▶ **WORK INSTRUCTION**
From the line containing "Der Verhaltensforscher Dudley" down to the last line of the listing, quote everything word for word, and nothing else, keeping pictures out.
——
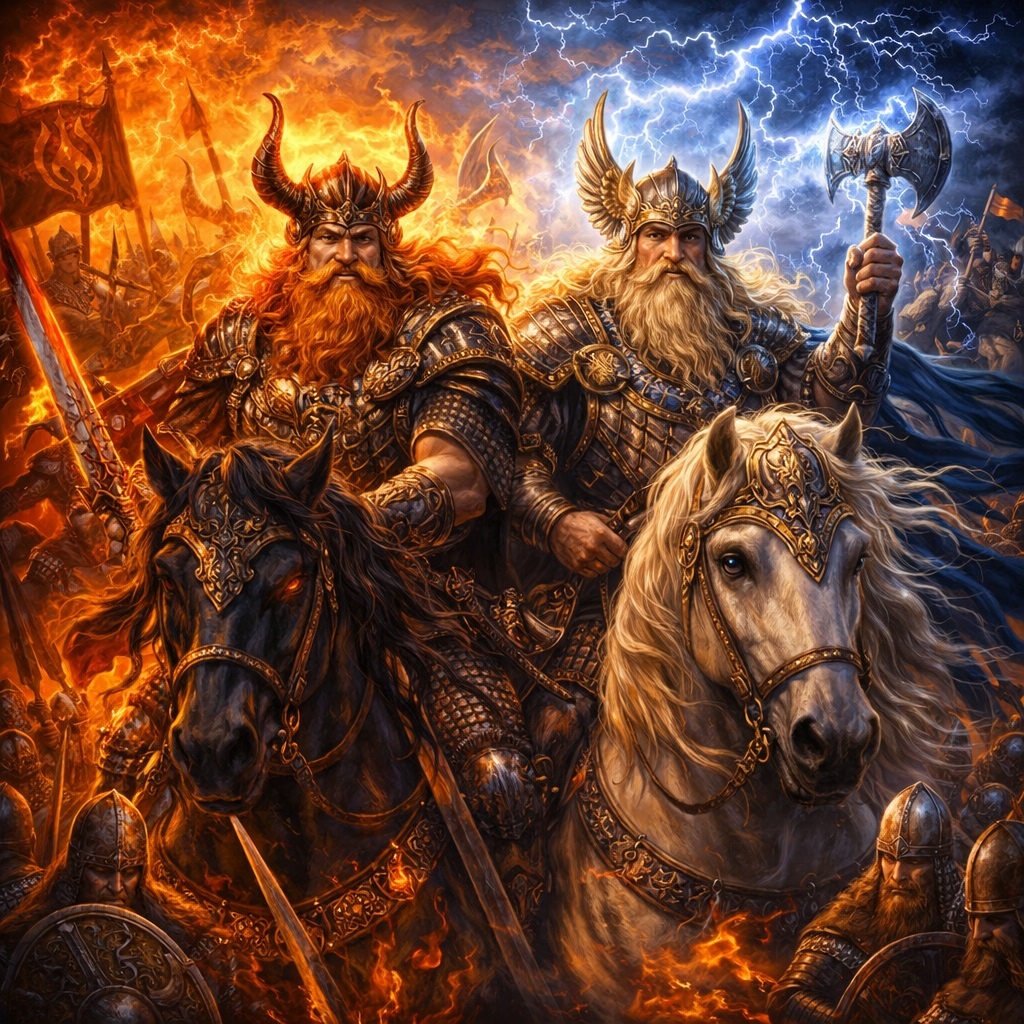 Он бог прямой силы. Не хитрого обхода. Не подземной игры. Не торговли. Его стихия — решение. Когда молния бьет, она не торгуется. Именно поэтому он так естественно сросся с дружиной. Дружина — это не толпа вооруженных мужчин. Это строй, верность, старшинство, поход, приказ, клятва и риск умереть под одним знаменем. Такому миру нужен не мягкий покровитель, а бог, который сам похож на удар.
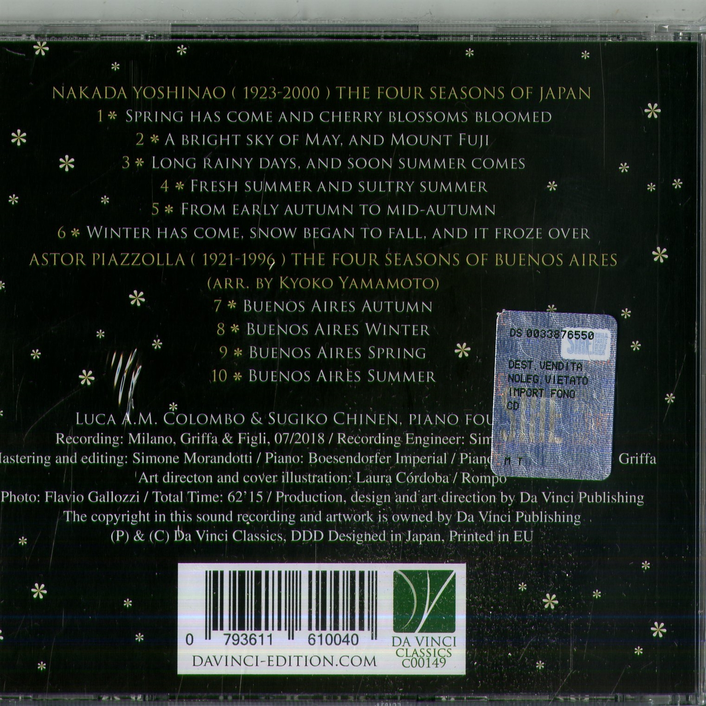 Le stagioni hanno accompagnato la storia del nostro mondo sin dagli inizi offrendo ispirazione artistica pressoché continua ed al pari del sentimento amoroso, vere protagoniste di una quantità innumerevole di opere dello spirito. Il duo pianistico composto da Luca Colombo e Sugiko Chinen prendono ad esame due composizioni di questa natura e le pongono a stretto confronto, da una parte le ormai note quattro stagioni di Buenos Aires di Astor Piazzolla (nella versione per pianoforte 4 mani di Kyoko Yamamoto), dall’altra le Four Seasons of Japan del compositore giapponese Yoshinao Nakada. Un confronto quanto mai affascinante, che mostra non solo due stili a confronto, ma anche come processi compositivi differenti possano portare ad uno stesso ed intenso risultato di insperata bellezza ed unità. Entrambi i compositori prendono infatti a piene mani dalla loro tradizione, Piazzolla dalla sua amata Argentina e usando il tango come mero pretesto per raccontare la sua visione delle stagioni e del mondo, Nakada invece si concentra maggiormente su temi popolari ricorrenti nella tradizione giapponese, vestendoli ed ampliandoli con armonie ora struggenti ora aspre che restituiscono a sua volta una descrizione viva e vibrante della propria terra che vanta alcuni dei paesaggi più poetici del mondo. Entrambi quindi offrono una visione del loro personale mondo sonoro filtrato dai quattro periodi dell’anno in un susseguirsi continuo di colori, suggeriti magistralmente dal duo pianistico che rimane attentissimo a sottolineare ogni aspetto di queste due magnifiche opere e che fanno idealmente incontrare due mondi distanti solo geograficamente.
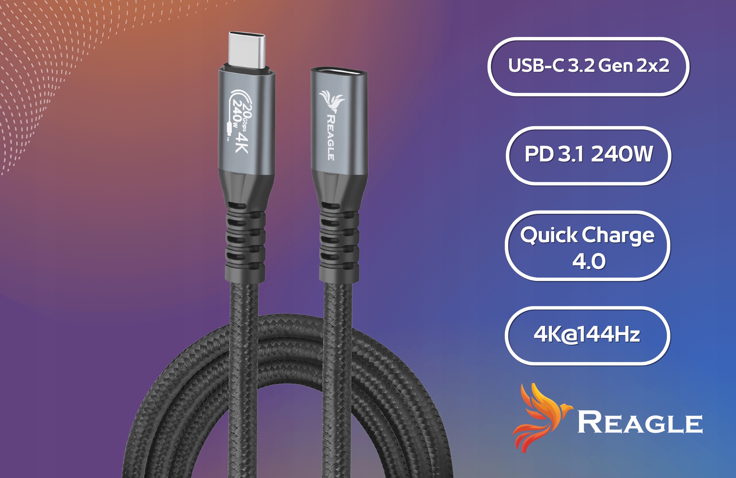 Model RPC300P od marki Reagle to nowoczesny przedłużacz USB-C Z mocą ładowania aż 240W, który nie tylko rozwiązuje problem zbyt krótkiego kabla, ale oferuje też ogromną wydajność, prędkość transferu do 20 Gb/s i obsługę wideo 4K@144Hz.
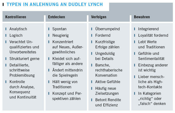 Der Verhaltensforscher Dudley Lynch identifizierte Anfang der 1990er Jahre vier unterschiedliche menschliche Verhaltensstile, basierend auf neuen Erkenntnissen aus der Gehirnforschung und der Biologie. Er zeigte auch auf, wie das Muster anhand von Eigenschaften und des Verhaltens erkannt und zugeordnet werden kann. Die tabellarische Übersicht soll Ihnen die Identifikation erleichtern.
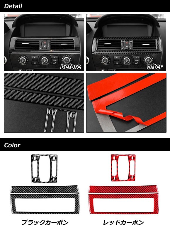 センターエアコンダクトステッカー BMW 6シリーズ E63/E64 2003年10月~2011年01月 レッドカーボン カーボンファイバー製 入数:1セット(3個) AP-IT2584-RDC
——
▶ **ANSWER SPACE**
 Der Verhaltensforscher Dudley Lynch identifizierte Anfang der 1990er Jahre vier unterschiedliche menschliche Verhaltensstile, basierend auf neuen Erkenntnissen aus der Gehirnforschung und der Biologie. Er zeigte auch auf, wie das Muster anhand von Eigenschaften und des Verhaltens erkannt und zugeordnet werden kann. Die tabellarische Übersicht soll Ihnen die Identifikation erleichtern.
 センターエアコンダクトステッカー BMW 6シリーズ E63/E64 2003年10月~2011年01月 レッドカーボン カーボンファイバー製 入数:1セット(3個) AP-IT2584-RDC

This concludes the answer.